Scottville High School served the village from the late 1800s through 1948. That same year Scottville, Palmyra, Modesto, and Hettick formed the Northwestern School District to consolidate their educational efforts. Today, students from Scottville attend Northwestern Jr-Sr High School in Palmyra.

Despite a peak population of 364 in the 1900 census, it has since dwindled to only 93 people in 2020.

==Geography==
Scottville is located in northwestern Macoupin County. It is 8 mi northwest of Palmyra and 24 mi northwest of Carlinville, the county seat.

According to the U.S. Census Bureau, Scottville has a total area of 1 sqmi, all land. Headwaters of Rock Branch flow through the village, leading northwest to Apple Creek, a west-flowing tributary of the Illinois River.

==Demographics==

As of the census of 2000, there were 140 people, 57 households, and 42 families residing in the village. The population density was 139.9 PD/sqmi. There were 63 housing units at an average density of 62.9 /sqmi. The racial makeup of the village was 100.00% White.

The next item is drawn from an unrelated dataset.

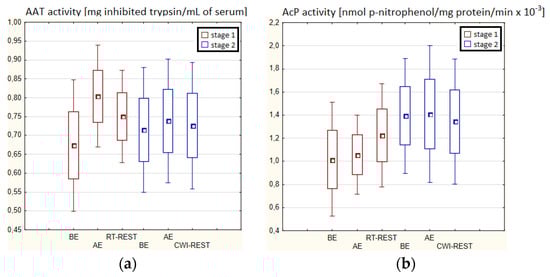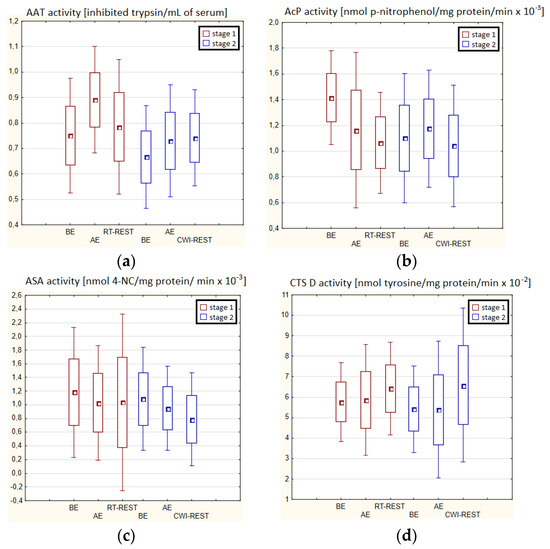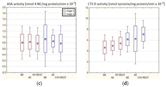 In both stages of Experiment I, no statistically significant changes in AAT and ASA and CTS D activity in the blood serum of winter swimmers after exercise (AE), as well as after exercise followed by the regeneration at room temperature (RT-REST), were found. Comparing the results obtained after RT-REST with the results obtained after the regeneration combined with CWI (CWI-REST), no statistically significant differences in AAT activity and the determined lysosomal enzymes (p > 0.05) were found (Figure 2a–d).

There were 57 households, out of which 29.8% had children under the age of 18 living with them, 56.1% were married couples living together, 10.5% had a female householder with no husband present, and 26.3% were non-families. 22.8% of all households were made up of individuals, and 10.5% had someone living alone who was 65 years of age or older. The average household size was 2.46 and the average family size was 2.88.

In the village, the population was spread out, with 25.7% under the age of 18, 4.3% from 18 to 24, 26.4% from 25 to 44, 24.3% from 45 to 64, and 19.3% who were 65 years of age or older. The median age was 41 years. For every 100 females, there were 97.2 males. For every 100 females age 18 and over, there were 89.1 males.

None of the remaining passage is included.